Stellantis N.V. (STLA) is rated Hold by Wall Street analysts as of 2026. Of 14 analysts covering the stock, 6 rate it Buy or Strong Buy, 8 rate it Hold, and 0 rate it Sell or Strong Sell. The consensus 12-month price target is $11, implying +66.6% from the current price of $6. The bear case scenario is $4 and the bull case is $9.
The Wall Street consensus price target for STLA is $11 based on 14 analyst estimates. The high-end target is $15 (+136.6% from today), and the low-end target is $8 (+26.2%). The base case model target is $7.
STLA trades at 8.6x times forward earnings. The stock currently trades at a discount to the broader market. Based on current multiples versus the peer group, the relative model signals limited: expensive versus peers. Whether the stock is over or undervalued ultimately depends on whether consensus earnings estimates are achievable.
The primary risks for STLA in 2026 are: (1) Valuation de-rating — STLA's trailing and forward P/E ratios are low, indicating potential undervaluation or market skepticism about future earnings. (2) Regulatory and environmental risks — Environmental and other regulatory matters could impose additional costs or restrictions on operations. (3) Financial services exposure — Dependence on Stellantis Financial Services for financing solutions may expose the company to credit and liquidity risks.
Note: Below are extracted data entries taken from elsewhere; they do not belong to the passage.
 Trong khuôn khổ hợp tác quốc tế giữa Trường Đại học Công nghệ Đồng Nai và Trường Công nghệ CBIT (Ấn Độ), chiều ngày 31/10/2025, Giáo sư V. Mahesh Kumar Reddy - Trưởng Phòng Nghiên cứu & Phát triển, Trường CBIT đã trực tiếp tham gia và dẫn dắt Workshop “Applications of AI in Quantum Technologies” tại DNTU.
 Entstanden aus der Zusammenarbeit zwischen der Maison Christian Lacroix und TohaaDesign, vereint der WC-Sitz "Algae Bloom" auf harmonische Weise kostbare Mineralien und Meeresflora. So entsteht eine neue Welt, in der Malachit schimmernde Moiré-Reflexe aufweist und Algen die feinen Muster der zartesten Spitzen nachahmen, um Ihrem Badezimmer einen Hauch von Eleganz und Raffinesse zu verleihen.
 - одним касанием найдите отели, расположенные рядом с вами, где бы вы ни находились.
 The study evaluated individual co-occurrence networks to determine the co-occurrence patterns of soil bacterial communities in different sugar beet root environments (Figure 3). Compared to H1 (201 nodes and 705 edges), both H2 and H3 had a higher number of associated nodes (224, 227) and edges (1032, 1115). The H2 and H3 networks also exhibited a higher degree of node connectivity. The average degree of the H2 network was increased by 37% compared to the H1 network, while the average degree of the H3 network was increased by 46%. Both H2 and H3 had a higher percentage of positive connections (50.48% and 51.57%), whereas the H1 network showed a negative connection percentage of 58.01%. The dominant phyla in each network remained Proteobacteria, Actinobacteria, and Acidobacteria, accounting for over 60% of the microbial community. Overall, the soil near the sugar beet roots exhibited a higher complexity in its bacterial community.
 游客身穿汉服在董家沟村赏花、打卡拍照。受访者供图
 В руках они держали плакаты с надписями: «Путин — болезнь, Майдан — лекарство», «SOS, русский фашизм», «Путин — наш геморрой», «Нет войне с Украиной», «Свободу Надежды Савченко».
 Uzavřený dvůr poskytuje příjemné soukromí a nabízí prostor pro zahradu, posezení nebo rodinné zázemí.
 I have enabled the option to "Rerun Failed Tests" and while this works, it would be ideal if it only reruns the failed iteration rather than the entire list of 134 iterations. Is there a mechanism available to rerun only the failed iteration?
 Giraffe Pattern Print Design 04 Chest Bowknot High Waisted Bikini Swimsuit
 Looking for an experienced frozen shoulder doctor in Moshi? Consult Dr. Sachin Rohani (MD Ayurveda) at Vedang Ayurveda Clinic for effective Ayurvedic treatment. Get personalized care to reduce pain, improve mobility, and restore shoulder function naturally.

Each factor has the potential to pressure earnings or compress the stock's valuation multiple.
Analyst consensus estimates STLA will report consensus revenue of $354.0B (+4.9% year-over-year) and EPS of $-2.73 (+62.1% year-over-year) for the upcoming fiscal year. The following year, analysts project $363.0B in revenue.
Stellantis N.V. is expected to report its next earnings on approximately 2026-07-30. Consensus expects EPS of $0.25 and revenue of $48.9B. Over recent quarters, STLA has beaten EPS estimates 58% of the time.
Stellantis N.V. (STLA) had a free cash outflow of $21.0B in free cash flow over the trailing twelve months — a free cash flow margin of 6.2%. STLA returns capital to shareholders through dividends (12.3% yield) and share repurchases ($0 TTM).